From Debbie Pelley:
Last week a “conservative” proponent for Common Core was interviewed on a local radio station. She spouted the same line that other proponents, legislators and governors everywhere are using to combat critics of Common Core. She repeatedly said Common Core doesn’t tell districts and teachers what or how to teach and challenged listeners to read the standards for proof of that.
The standards are just one component of Common Core so proponents can cleverly point to those standards and say there are no methods or subject content required. But there are several other Common Core components that do indeed control what teachers teach, how to teach it, when to teach it and how the classroom is to be arranged.
Teacher evaluation is the latest and probably the harshest component of Common Core. The Arkansas State Department of Education developed this evaluation, and the Legislature passed it into law, Act 709 of 2013. Under this law, “teachers would be placed in ‘intensive support’ status if they score unsatisfactory rating in any category.” Teachers who “cannot satisfactorily complete plans to be removed from ‘intensive support’ could be subject to termination.”

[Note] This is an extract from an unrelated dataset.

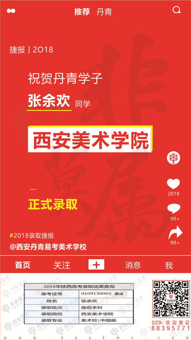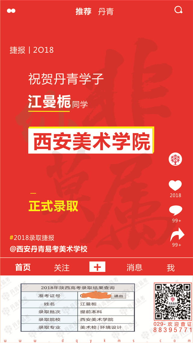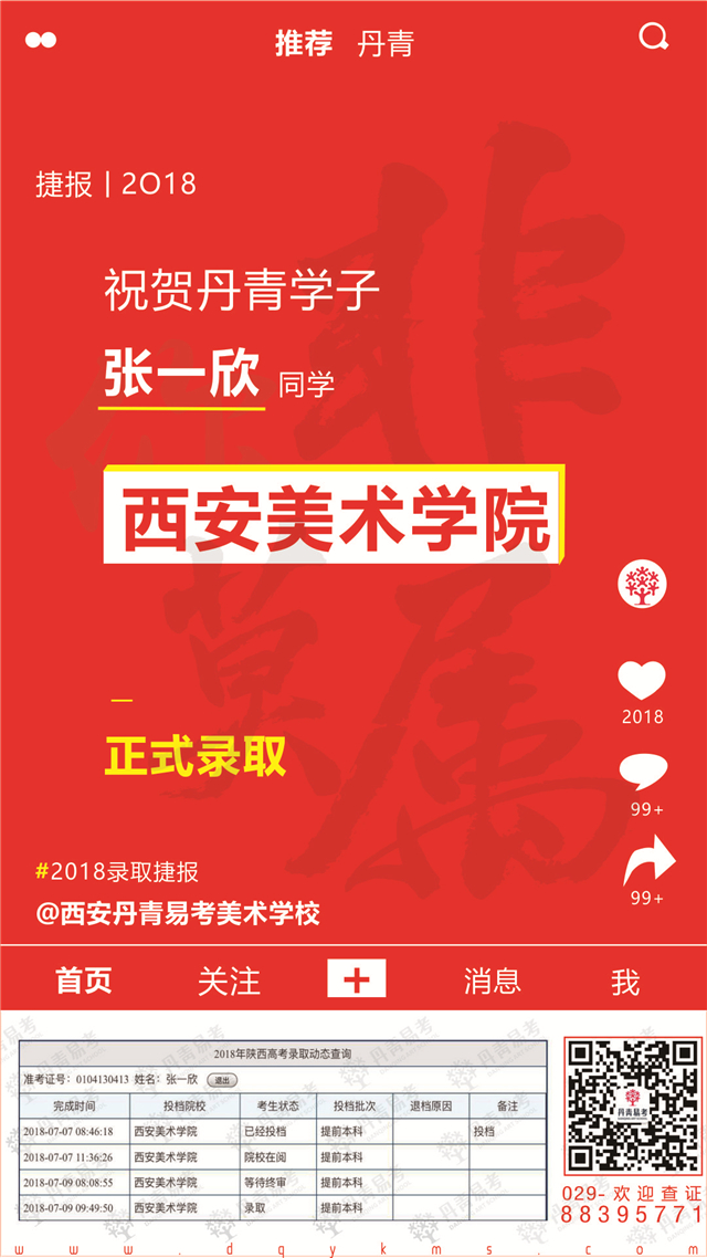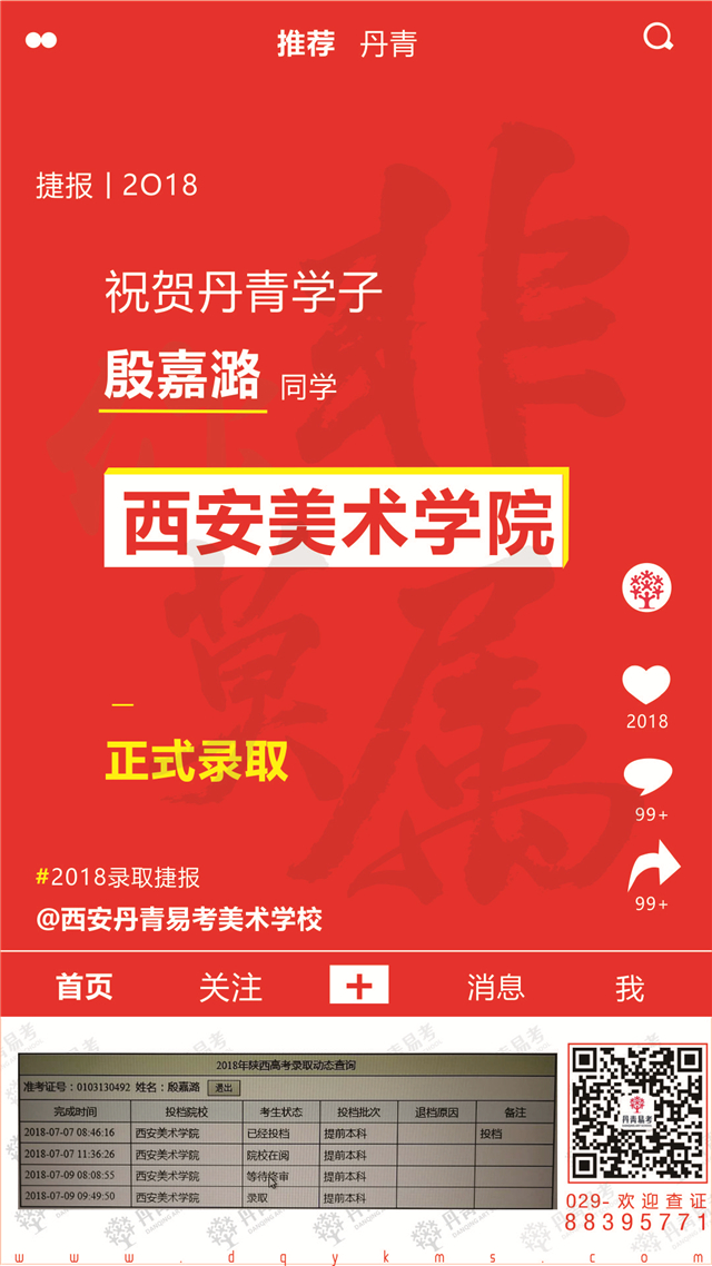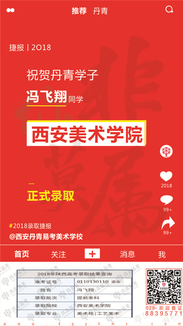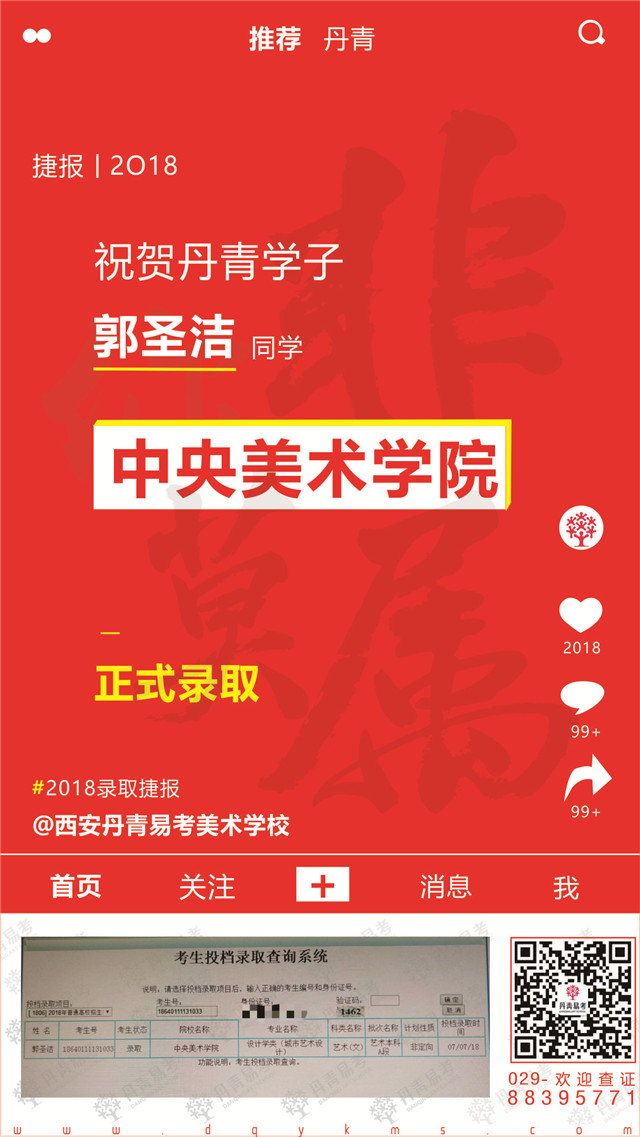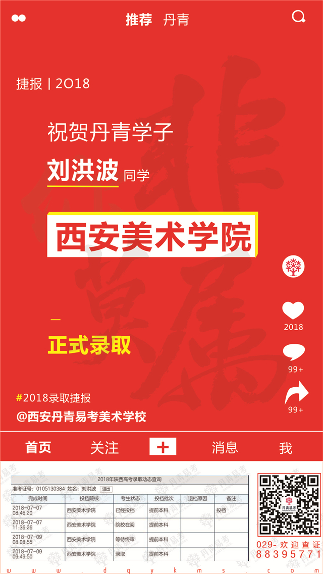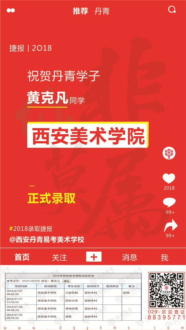 现在的美术培训行业较为混乱,出现有些画室ps学生成绩、录取截图的现象,扰乱美术培训市场,混淆考生及家长的判断。丹青易考作为西北美术教育的品牌机构作出表率,以下所公示录取榜单均真实,有效,若您对我们公示的榜单有异议,欢迎查证!

The principals can no longer evaluate teachers based on their own professional knowledge and expertise. By law, they must evaluate the teacher on the things the government has outlined. The evaluation model adopted by Arkansas, which is written by Charlotte Danielson in “Professional Practice, A Framework for Teaching,” indicates the teacher must do many things (more than 20) contrary to traditional education.

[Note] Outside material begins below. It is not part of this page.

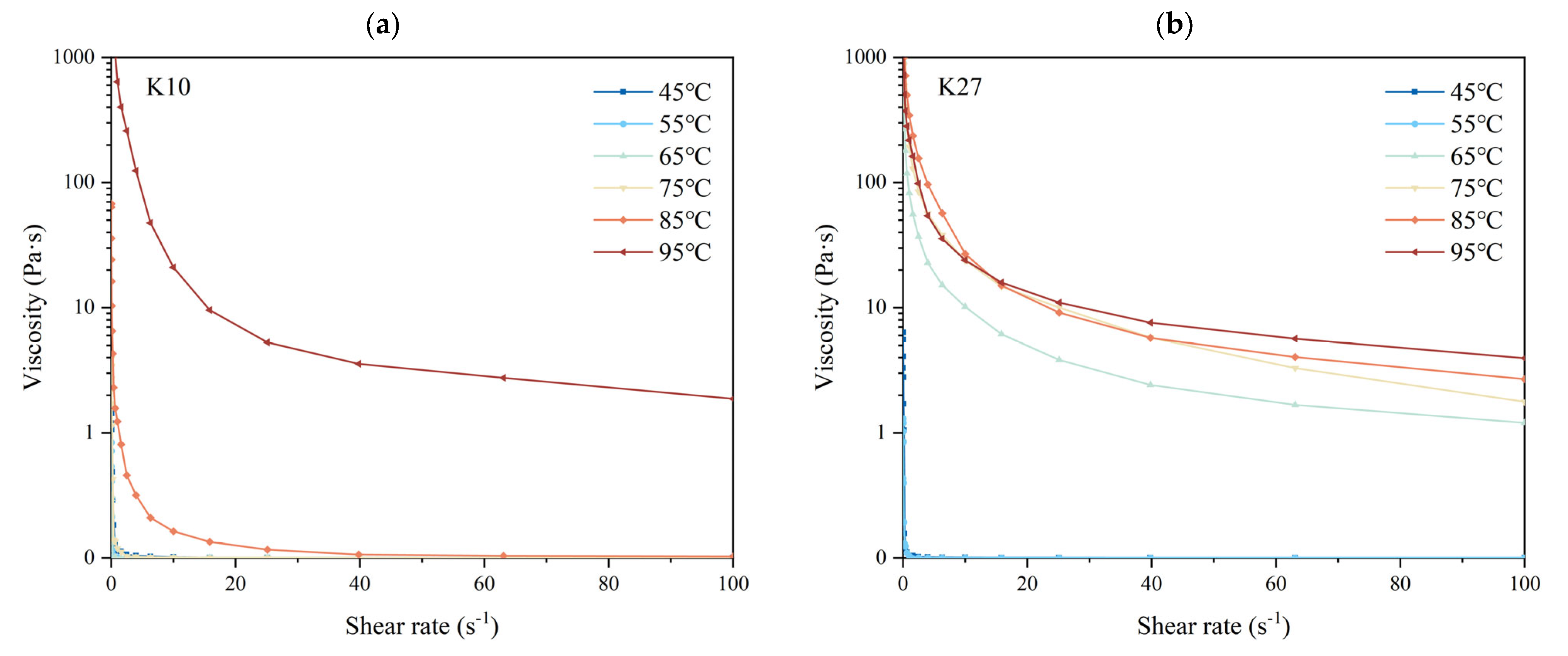3.8. Effects of Different DG on the Apparent Viscosity of Kudzu Starch

• Show genuine enthusiasm for Common Core content [whether teacher feels it or not — this stifles teacher’s freedom of speech, values, and experience] p. 69
• Indicate which Common Core standard is being taught that day [to prepare students for the PARCC test that is aligned with Common Core standards, thus controlling curriculum since teachers can be terminated for low student test scores.] p. 173
• Arrange seating in circles or groups — [as opposed to the traditional straight rows.] p.76
• Use a great amount of group learning [most often where students are divided into groups of 4 or 5 and work on a project with all getting the same grade. Some of the students do all the work and the others do nothing. This method emphasizes the collective and socialism over the individual and is the hardest structure in which to keep discipline…] p 72 & 173
• Welcomes suggestions from “specialists” and invites them to help in planning lessons and methods. [“specialists” often have far less education and experience than the teacher, but instead are specialists in methods Common Core is promoting] p. 115-116
All these methods are repeatedly taught in staff development ([teacher training). Teachers are required to attend several days of this forced indoctrination which could be compared to sensitivity training for so-called homophobes. One reformer summed it up this way: “‘Breaking the mold’ means breaking this system [traditional education], root and branch.”

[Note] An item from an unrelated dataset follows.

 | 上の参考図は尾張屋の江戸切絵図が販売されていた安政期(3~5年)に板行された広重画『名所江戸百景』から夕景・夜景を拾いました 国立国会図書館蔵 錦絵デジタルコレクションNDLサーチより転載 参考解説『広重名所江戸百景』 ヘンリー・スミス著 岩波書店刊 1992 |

Then there are the grants that bribe states and districts to participate in Common Core. To qualify for a share of Obama’s $4.35 billion Race to The Top (RTTP) grant “18 states changed teacher-evaluation laws, in some cases explicitly tying the legislation to ‘Race to the Top’ requirements.”
(Obama’s educational reforms were first called Race to the Top (RTTT) and soon morphed into Common Core. There is serious talk about changing the name of Common Core since so many people now oppose it.)
Arkansas’ application for a $374 million RTTT grant included national Common Core of Education standards and tests (PARRC), math instructional programs across the state and many other changes that Washington favors. Forty-six states developed comprehensive education reform plans to apply for RTTT grants, and 34 actually changed laws or policies.
Arkansas didn’t win a RTTT grant, but the changes stayed — just as they did all over the nation. Obama said he wanted change, and he got a lot of bang for his bucks with $4.35 billion RTTT grants. I wonder just how many other changes Obama has been able to leverage with the full $100 billion (taxpayer money) dedicated to education reform from the stimulus fund?
Obama’s Common Core educational reforms are just about as complex, as destructive and as voluntary and affordable as Obamacare! And it is a shame that so many legislators, parents, and leaders are being deceived.
Debbie Pelley is a resident of Jonesboro.